A book, properly considered, is a recorded performance of a piece of literature, just like a CD is a recorded performance of a particular piece of music. While musicians have more artistic discretion in interpreting a piece than a book designer and publisher do, the latter are not aesthetically invisible. They subtly influence a book’s format and packaging: font, margins, page breaks, cover art, etc. The sequence, timing, pace, and even completion of the work—its interpretation—lie in the hands of a reader, but the packaging and presentation of the physical object is not. And because reading is a performance, the time and place where you read is important, too. Reading Lord Jim on a plane is not the same as reading it on a tropical beach. The former is forgettable; the latter is not, as I can personally attest.

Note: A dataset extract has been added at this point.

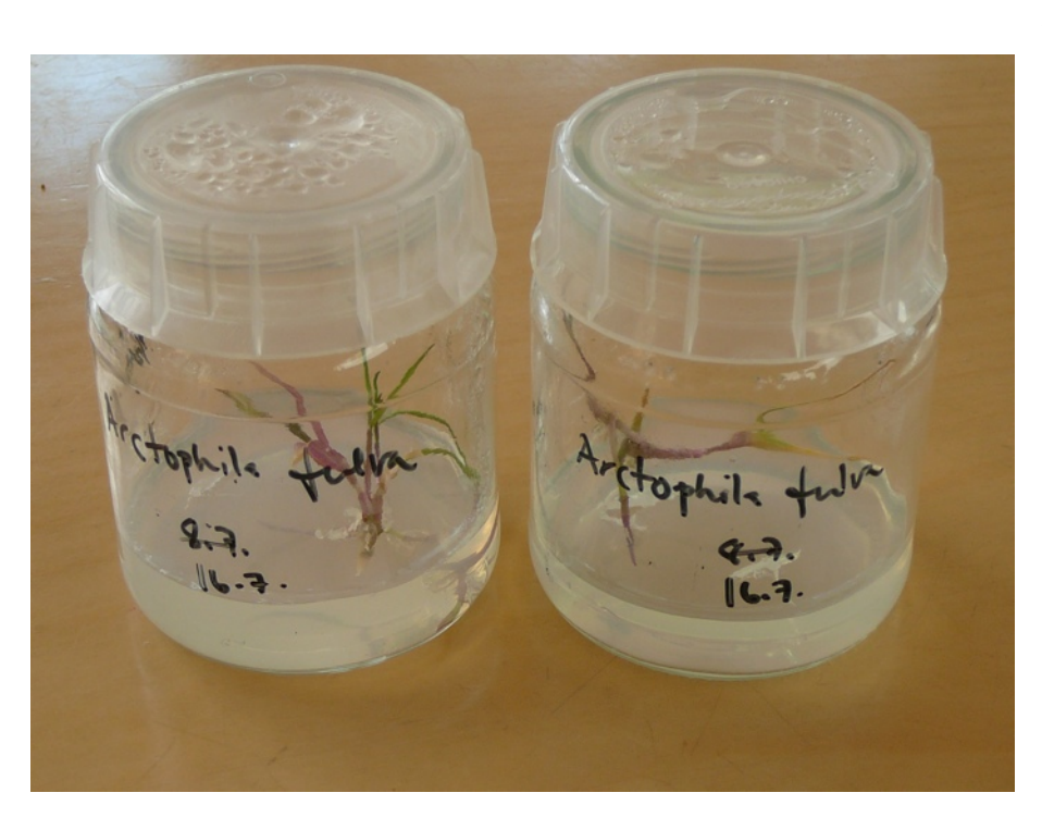
Fig 1. Endangered grass species, Arctophila flulva, in micropropagation.

In Kumpula Botanic Garden (Finnish Museum of Natural History, FMNH) there is room reserved for the infrastructure of a national seed bank. Funding of the seed-bank is, however, still

Beethoven’s Ninth Symphony is the same music, whether it is interpreted by the Berlin Philharmonic or the Boise Symphony. But nobody ever hears Beethoven’s Ninth Symphony: they hear a performance of it. By the same token, nobody ever reads Ulysses, they read a version of it, as presented to them through the medium of some sort of delivery device at a particular time and place, and interpreted according to their own engagement, interest, aptitude, and sensitivity. A Kindle or an iPad is just another delivery device, constrained or liberated, as the case may be, by its technical and aesthetic capabilities and limitations. There are many texts where an e-reader’s ability to standardize, flatten, and minimize aesthetic variation may very well be an advantage. (I think in particular of current non-fiction, biography, history, and other trade books.) But to pretend it is therefore somehow more transparent to a work of literature than a physical book is wishful thinking.

A must-read in entirety. I especially like the strong conclusion with a reference to Plato’s Allegory of the Cave.